■ REQUIREMENT
In the records below, find the line that contains "牢不可破的安全性策略: 提供 IP-MAC-Port" and the line that contains "с имитацией гольфинов", then retype exactly those two lines and every line between them.

■ TASK MATERIAL
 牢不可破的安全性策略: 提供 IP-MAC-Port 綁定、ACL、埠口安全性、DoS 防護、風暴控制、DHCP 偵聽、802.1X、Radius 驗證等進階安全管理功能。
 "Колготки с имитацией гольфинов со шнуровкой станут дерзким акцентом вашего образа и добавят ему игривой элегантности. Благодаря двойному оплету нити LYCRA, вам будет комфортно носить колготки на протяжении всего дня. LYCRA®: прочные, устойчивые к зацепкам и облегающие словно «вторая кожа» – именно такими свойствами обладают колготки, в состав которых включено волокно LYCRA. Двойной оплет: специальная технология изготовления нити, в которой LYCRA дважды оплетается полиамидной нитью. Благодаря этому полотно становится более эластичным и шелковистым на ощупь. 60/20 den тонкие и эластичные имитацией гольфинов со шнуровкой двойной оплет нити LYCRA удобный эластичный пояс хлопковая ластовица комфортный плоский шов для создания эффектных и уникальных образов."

---

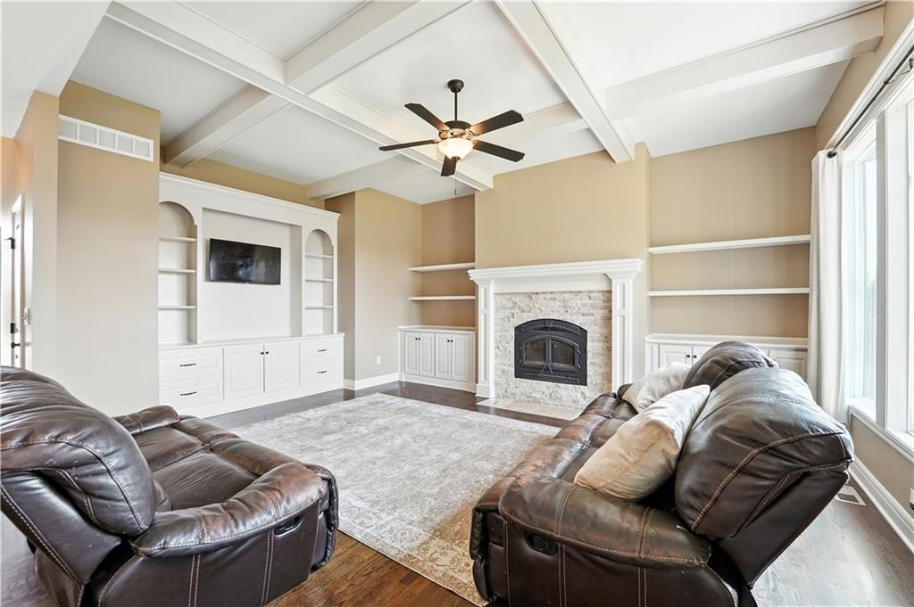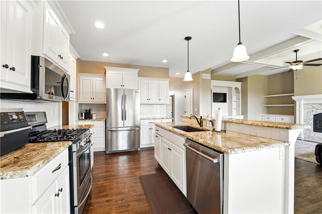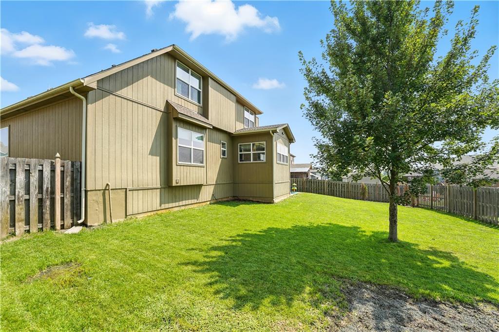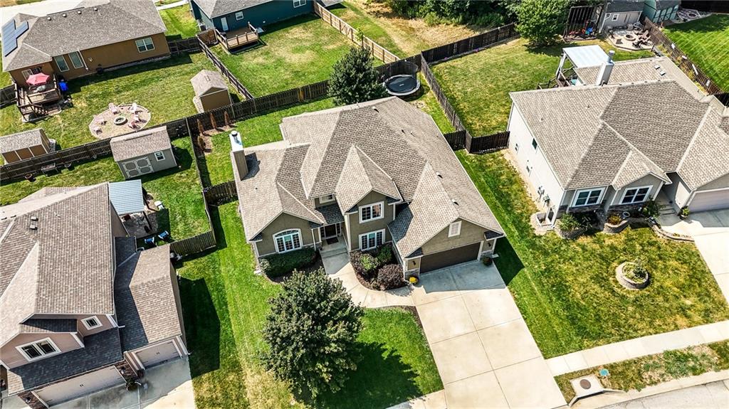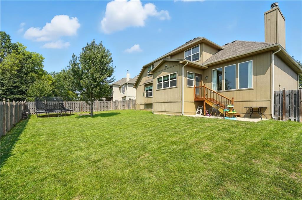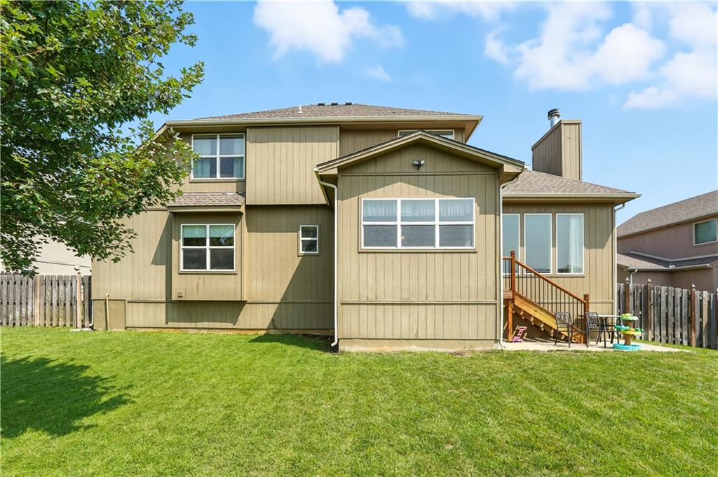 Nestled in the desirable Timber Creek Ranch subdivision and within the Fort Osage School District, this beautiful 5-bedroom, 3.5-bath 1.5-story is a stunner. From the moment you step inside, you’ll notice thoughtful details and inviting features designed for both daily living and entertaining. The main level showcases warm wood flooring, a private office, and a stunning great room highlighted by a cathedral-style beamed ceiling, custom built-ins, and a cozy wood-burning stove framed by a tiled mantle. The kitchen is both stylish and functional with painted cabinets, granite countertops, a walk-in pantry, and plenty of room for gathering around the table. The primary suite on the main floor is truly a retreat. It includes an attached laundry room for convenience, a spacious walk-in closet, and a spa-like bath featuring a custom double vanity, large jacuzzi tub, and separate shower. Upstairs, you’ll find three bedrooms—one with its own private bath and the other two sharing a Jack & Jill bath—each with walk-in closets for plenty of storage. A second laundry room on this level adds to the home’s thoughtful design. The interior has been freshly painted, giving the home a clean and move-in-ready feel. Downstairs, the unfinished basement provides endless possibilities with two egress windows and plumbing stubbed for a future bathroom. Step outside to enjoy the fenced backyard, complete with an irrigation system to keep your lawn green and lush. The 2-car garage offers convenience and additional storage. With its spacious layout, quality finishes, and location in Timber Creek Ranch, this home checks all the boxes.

■ ANSWER SPACE
 牢不可破的安全性策略: 提供 IP-MAC-Port 綁定、ACL、埠口安全性、DoS 防護、風暴控制、DHCP 偵聽、802.1X、Radius 驗證等進階安全管理功能。
 "Колготки с имитацией гольфинов со шнуровкой станут дерзким акцентом вашего образа и добавят ему игривой элегантности. Благодаря двойному оплету нити LYCRA, вам будет комфортно носить колготки на протяжении всего дня. LYCRA®: прочные, устойчивые к зацепкам и облегающие словно «вторая кожа» – именно такими свойствами обладают колготки, в состав которых включено волокно LYCRA. Двойной оплет: специальная технология изготовления нити, в которой LYCRA дважды оплетается полиамидной нитью. Благодаря этому полотно становится более эластичным и шелковистым на ощупь. 60/20 den тонкие и эластичные имитацией гольфинов со шнуровкой двойной оплет нити LYCRA удобный эластичный пояс хлопковая ластовица комфортный плоский шов для создания эффектных и уникальных образов."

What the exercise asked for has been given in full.